Not having access to my supplements and having to resort to the prevalent Camino diet of delicious bread (gluten), delicious regional cheeses (dairy), and wine, Fanta, or Aquarius (sugar) at every little bar or pub about three to five miles along the Road (plus occasional provolone, ham croquettes, soup, and lots of water), I shot my weight up a good ten pounds within a few days and left me feeling flu-ish long before we reach Santiago, even though I was burning over 4000 calories a day  above my foot intake, according to my BodyBugg monitor.  My body was working exhaustingly hard in the uphill climbs and I just couldn’t get enough oxygen at times.  The rest of the pilgrims traveling with us were  a little older or younger than I was but they were used to higher altitudes.  I was perennially at the back of the pack–a shock after being so athletic at home in the previous year, to the point of outpacing women half my age.  Here, I was outpacing no one and my lungs were begging.

My Own Regret

Of those of us who walked together, I had little to nothing in common with them, though I did find it interesting to hear about their lives and viewpoints.  Many times at the higher altitudes, I could not keep up, which was an eventual complaint from my fellow pilgrims who obviously saw me as out of shape and had now idea of the preparation I had put into my training.  When they feared I was lost, they would stop and wait for me, usually taking pictures and chatting, having a snack.  The moment I, almost doubled over and gasping,would catch up with them, they were ready to go again. So I very rarely had the chance to stop and take pictures, or enjoy the scenery myself, at least from a stationary position.

Camino de Santiago regret
Out of the mountains. Walking faster, breathing easier on gently rolling terrain.

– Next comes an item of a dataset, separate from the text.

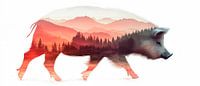 Een harmonieus samenspel van natuur en wilde dieren ontvouwt zich in zachte kleuren en fascinerende silhouetten. De vredige bergen en bossen die het varken omringen spreken van landelijke idylle en vrijheid. Dit kunstwerk is perfect voor in de woonkamer, waar het aanzet tot gesprekken en een warme, uitnodigende sfeer creëert.

If I Could Do It All Over Again

If I could do it all over again, right now, I would stop more often and soak in the beauty of my surroundings, and take more photographs.  I’d stop and smell the flowers more, literally.  I would be less concerned with keeping up with people I have little to nothing in common with, except being on the same patch of road at the same time.

I would walk quietly by myself with my thoughts, or with my daughter, for hours at a time, still on the same path but not concerned whether others thought I was a drag on their holiday excursion or their rush to explore another wine bar.

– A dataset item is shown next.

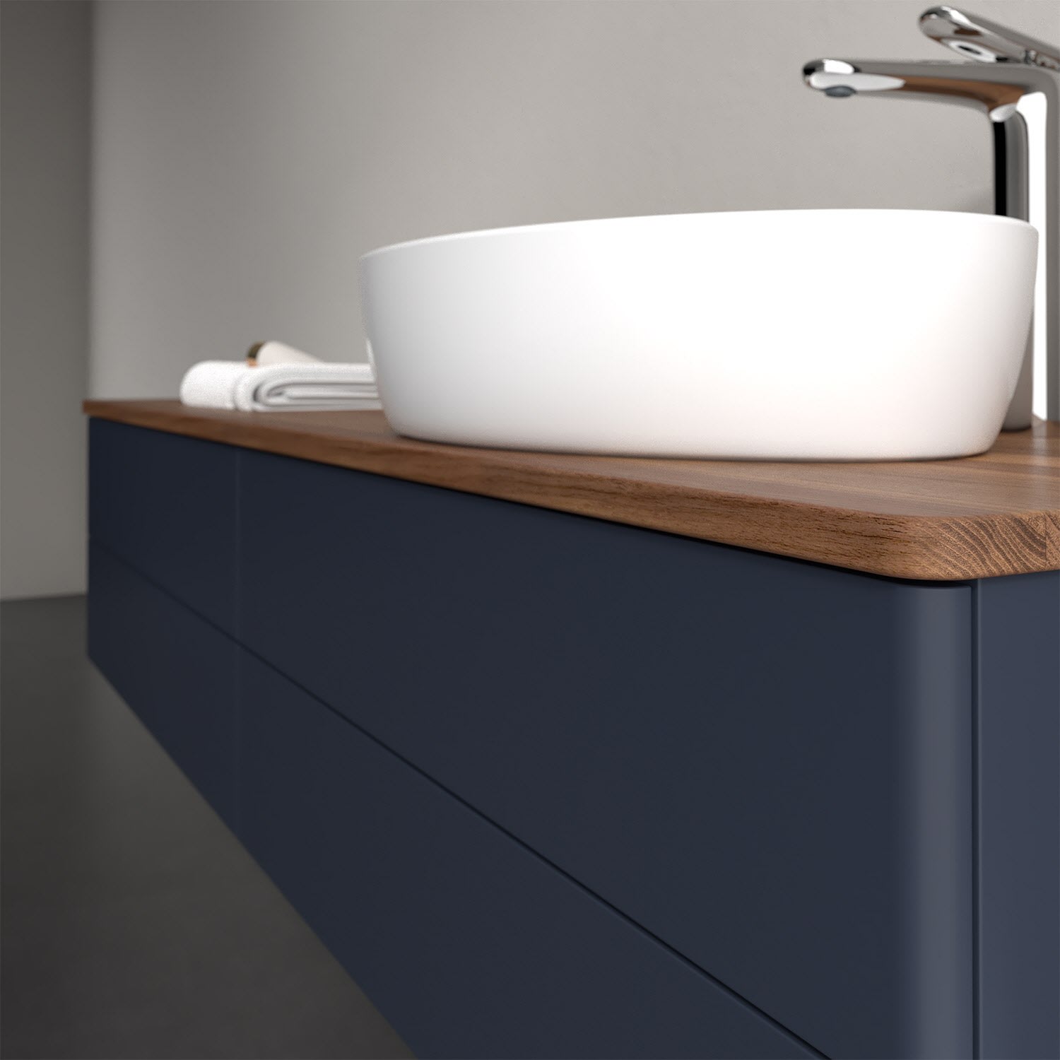 Der wandhängende Antao Waschtischunterschrank bietet mit seinen vier Auszügen und seiner erstaunlichen Größe viel Platz zum Verstauen von Utensilien im Badezimmer. Dank des seitlich platzierten Aufsatzwaschtischs gibt es daneben weiteren Platz für Handtücher, Seifenspender & Co. auf der Waschtischplatte. Inspiriert von der Natur überzeugt der Unterschrank auch optisch mit sanfter Formsprache und abgerundete Kanten. Die grifflosen Auszüge sind mit der Push-to-Open Funktion ausgestattet und verfügen über einen Antirutschboden, damit Utensilien sicher verstaut werden können. Mit seiner Vollauszug- und Selbsteinzug-Funktion ist der Schrank praktisch und leicht zu bedienen. Qualität von Villeroy & Boch! Für eine besonders leichte Pflege sorgt die mehrschichtig deckend lackierte Oberfläche. Bei der Ausführung in Massivholz wird dank des verarbeiteten Massivholzes jedes Möbel zu einem Unikat, das sich durch das lebendige Naturmaterial durch seine einzigartige Struktur und Maserung auszeichnet.

I let myself get lost for a while in the idea that I really, really, seriously needed a break from being in charge, having to plan and understand every little detail, and in doing so, I surrendered my choices  I normally would have made.  Had I kept myself in charge of my path, it would have been simple to say, “No, we’re going to slow down  and you can go on up ahead and we’ll meet you at the bar in a few hours.  I won’t hold you back and you can be happy after several glass of wine and chatter and I’ll be happy, too.”

What I’ve Learned from the Camino de Santiago

I don’t know if in my own journey of life, I can ever surrender control without surrendering choices, but I do find that it’s a little bit easier back on my own turf.  I can hand off control of a situation to someone I trust, in my personal or my professional life, and still maintain my integrity without feeling pressured to compromise myself.  Some would call that delegating, and it’s something I’ve learned to do rather well since my return from my pilgrimage.  I can’t say it’ll ever come easily to me to surrender control without surrendering what’s important to me, but perhaps that’s why I still dream vividly of walking the Camino.